What Works and What Doesn’t
A software package is the dream of reusability made possible. Individual developers and organizations of all kinds contributed software components to public repositories, in standardized ‘package’ formats; and package managers allowed anyone to install and integrate those packages into their own software. That is what made open source so pervasive in modern society. The infrastructure consisting of public package registries, package managers, and continuous build and deployment tools helped make the adoption of open source software so widespread. This infrastructure, along with cloud computing, constitutes the perfect foundation for our information-addicted society.
In recent years, wrongdoers of all kinds used open source software registries to deliver malicious behavior. These activities are as old as the open source, but their frequency exploded in the last three years. Last year a whopping 245,000 malicious packages were seen.
Why has this attack vector become so popular with threat actors? Criminals are always looking for novel ways to carry out their attacks. They have found that by infecting a single popular open source component, they can affect thousands of victims. This amplification effect is the primary driver. And the open source infrastructure allows anyone, anywhere to create an ephemeral account in a component registry or collaborative development platform. Zero cost, no vetting, and lots of opportunities to leverage the excessive trust that software teams have traditionally placed in third-party components.
Should we stop using open source components?

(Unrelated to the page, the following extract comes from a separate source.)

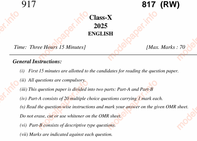 English class 10 Latest model paper 2025 with pdf || 817 (RW) || अंग्रेज़ी कक्षा 10 प्रश्न पत्र 2025 की पीडीऍफ़ Model Paper, New Model Paper Question PDF Free
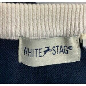 White Stag Sweater Vest Women Sz L Navy w/White Trim Rib Armholes Vtg Y2K Preppy

No. Is the value they provide worth the risk? Sure. Should I keep using open source the same way? Absolutely not.
Why does the infrastructure allow such easy attacks?
Package registries are open, often requiring minimal verification of the publisher’s identity. “Anyone is welcome to publish their software here!” The bar for attackers is set low: they use disposable email addresses and GitHub accounts to create hundreds of malicious packages in short, phishing-like, campaigns. We often witness the creation of a credible GitHub source repository with many stars and commits from multiple fake contributors.
Package managers were designed for ease of use and not for security. They can run installation scripts. Also, package managers install from multiple sources, and sometimes the default is to use public registries, even for internal components. And last, they do not check for a mismatch between the published package and the package sources.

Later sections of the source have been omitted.